Restructuring, Fixes, and Additions

Further normalization of Quote data

Rename quote_authors to quote_lines or similar and add a string column (line) for a quote body; this is either the whole quote for a single-author quote or just the one line in a multi-author quote. A line_num column will be added to create a new compound key of (quote_id, line_num). This would consequently result in removing quote.body, moving this data into line.

quote_rd

Quote Authors & Submitters

NOTE: This idea succeeds a previous, unwritten one where I tried to use a similarly named quote_authors associative table and make all authors use a user_id; this obviously ran into glaring problems with "nonce" authors and was scrapped in favor of this.

A new quote_participants table will contain unique author/submitter names indexed by a unique participant_id and will contain an optional column pointing to a user_id if the participant represents the same person as an entry in the users table. The quote table will then relate to this table by pointing to a participant_id instead of keeping a name in the submitter column directly.

This approach should adequately solve the issue of storing authors that are also users vs. "nonce" authors, e.g. an author that is a website or outside of a chat network; it is not fully normalized, but it is a good enough compromise. Authors that are retroactively made into users only require that quote_participants.user_id be updated to point to the new user; this can be facilitated with a user_created module event that the Quote module can catch. Likewise, for aliases, an alias_created event necessitates that any existing quote author names matching the new alias require quote_participants.user_id to be updated to point to the user ID of the new alias. Of course, nonce authors simply always have a user_id of NULL; this allows us to identify actual users and nonce authors from the perspective of the quote_participants table and by extension check author aliases.

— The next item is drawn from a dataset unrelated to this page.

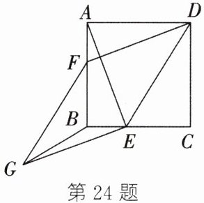 24. 如图,在正方形 $ABCD$ 中,$AB = 1$,$E$ 是边 $BC$ 上的动点(点 $E$ 可以与点 $B$,$C$ 重合),连接 $DE$,$AE$,过点 $D$ 作 $AE$ 的垂线,交线段 $AB$ 于点 $F$,以 $DF$,$DE$ 为邻边构造 $□ DFGE$,连接 $BG$,则 $BG$ 长的最小值为
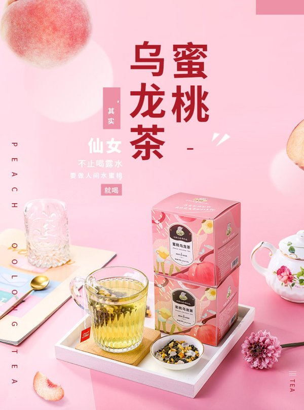 这款蜜桃乌龙茶包,是水果与乌龙的组合,原料是大颗粒蜜桃肉、苹果肉和整颗的乌龙茶叶,颗粒完整清晰,采用传统烘干工艺制成,保留了自然的果茶香,果香带甜,茶色清澈明亮,口感甘甜清润,也可以自己diy,比如加入新鲜的水果切片、蜂蜜或冰糖等。

In addition, a quote_authors associative table indexed by quote_id and participant_id will be added. This table allows for associating multiple authors to one quote, and are designated an ordinal number in the author_num column. For example, if a quote with quote_id 123 contained a line by "Bob" followed by a line from "Alice", then there would be a tuple of {123, <Bob's id>, 1} and a tuple of {123, <Alice's id>, 2} added to the quote_authors table, where the last element is author_num.